22nd July 2003, Comments 0 comments

Our experts answer one expat's questions about becoming a permanent resident.


We are Argentinean and have been living and working in Arnhem for more than six years now. Our children go to local Dutch schools; we enjoy the Dutch lifestyle and recently bought a house here. This has led us to think about permanent residence. Would it be possible for us to apply for Dutch passports? And if so, what kind of ‘red tape’ can we expect?

After having (legally) lived in the Netherlands for a five-year period, an expatriate can apply for naturalization. After positive adjudication, (s)he may receive the Dutch nationality and may subsequently apply for a Dutch passport.

An expatriate (registered) partner or expatriate spouse of a Dutch person may apply for naturalization after three years of living together or after three years of marriage.

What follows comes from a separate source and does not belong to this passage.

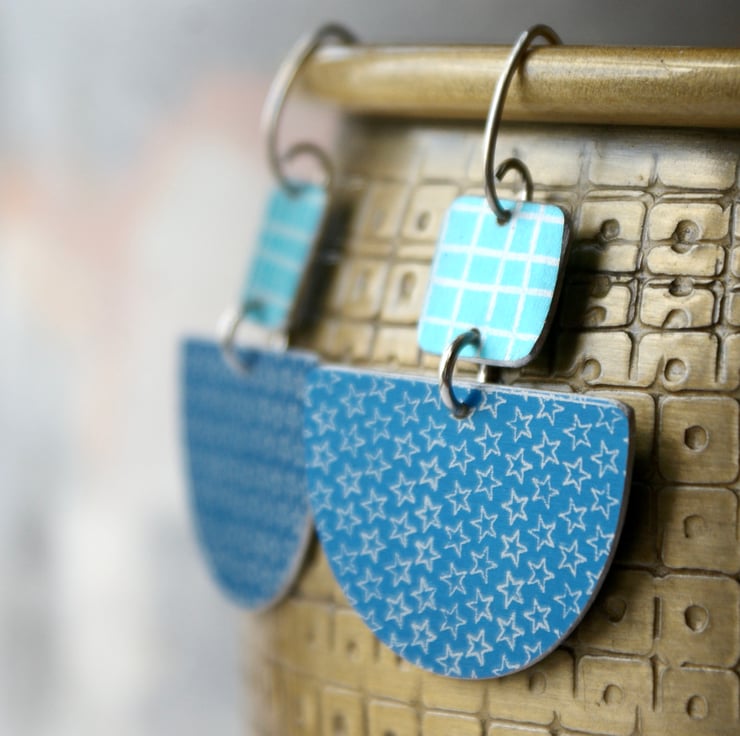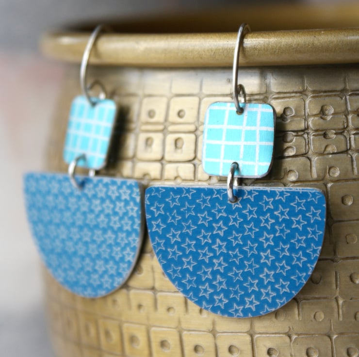 SALE (discontinued) A fab pair of earrings handmade from sterling silver and anodised aluminium. The aluminium pieces have star & crosshatch patterns which have been applied to the metal, then dyed. The ear wires are hand made from sterling silver.

Some refugees may apply after four years of residency.

The Immigratie & Naturalisatie Dienst (IND) and afdeling Burgerzaken (part of the municipality) are the responsible Dutch organizations for all naturalization matters.

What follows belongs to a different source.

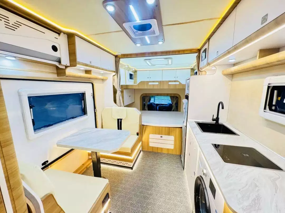 厨房区配备洗菜池、1000W电磁炉、微波炉及150L冰箱,满足基础烹饪需求,台面下8KG洗衣机解决旅途换洗难题。休息区采用双层床设计,下铺双人床与上铺额头床均配备透光窗与独立阅读灯,兼顾采光与夜间照明,营造温馨休憩环境。

Following an official advice from afdeling Burgerzaken, IND will check if the expatriate/applicant is suitable for naturalization, in the light of rules and regulations laid down in the Rijkswet op het Nederlanderschap and the Vreemdelingenwet (aliens law).

The expatriate/applicant is required to pay a fee (leges) for the naturalization procedure, and must be over 18 years old.

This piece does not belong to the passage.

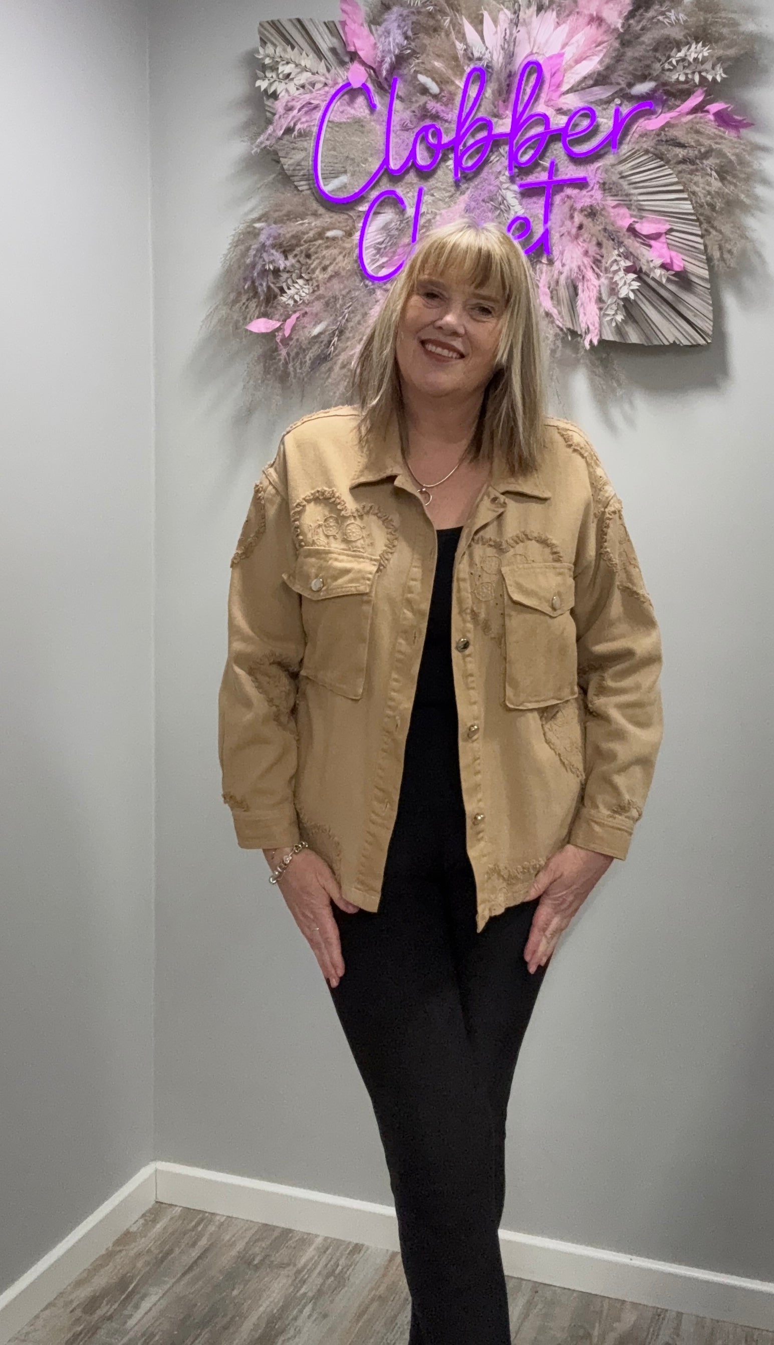 Camel Broderie Anglaise Heart Cotton Drill Jacket

The expatriate/applicant must have a valid Dutch residence permit (non-temporary purpose), and must have resided in the Netherlands for a five-year period (in certain cases three or four years, re. above).

The expatriate/applicant should be able to speak and understand some Dutch and also be part of the Dutch society (inburgering). The expatriate/applicant’s past will be checked, meaning no criminal record related to a certain number of years preceding the naturalization application.

In some cases the expatriate/applicant must be willing to give up his/her foreign nationality (if that is possible under the law of the expatriates’ country of origin). Sometimes dual nationality is possible.

The expatriate can apply for naturalization with afdeling Burgerzaken of the municipality where (s)he is living.

After a (positive) advice of afdeling Burgerzaken and IND, the application will be presented to the Queen of the Netherlands. With her signature and the signature of the Secretary of Justice, the naturalization is final.

From April 1, 2003 the following applies to new naturalization applications. First of all, the expatriate/applicant is asked to complete a naturalization-test.

This naturalization-test is not necessary if the expatriate/applicant successfully completed an inburgeringstoets in the past, or has a Dutch secondary school diploma or higher.

The results of the naturalization-test will determine whether or not the expatriate/applicant has sufficient knowledge of the Dutch language, society and constitution. Please note that a fee is required for the naturalization-test.

Furthermore, the expatriate/applicant will have to submit evidence that (s)he has had a valid Dutch residence permit for five years without any gaps. The expatriate/applicant can ask the competent Aliens Police to issue a special statement confirming this five-year period.

For refugees, the four-year residency requirement is turned into a five-year residency requirement. For spouses or (registered) partners of Dutch nationals, the three-year residency requirement remains unchanged.

Also, more stringent naturalization rules apply for certain categories of minor children of expatriate/applicants.

All in all, the April 2003 changes in the law governing naturalization will make it less easy to secure a Dutch passport.

The naturalization-test linked to a mandatory five-year residency under valid successive residence permits, will prove to be effective barriers and most likely limit the numbers of successful applicants.

Applying for naturalization before April 2003 and making use of the current regime is therefore something to consider (if and when the current Rijkswet op het Nederlanderschap and Vreemdelingenwet requirements are met).

March 1, 2003

This column is for informative purposes only, is general in nature, and is not intended to be a substitute for competent legal and professional advice. Dutch rules and regulations regarding foreigners, naturalization, work permits, visas and residence permits are continuously subject to change.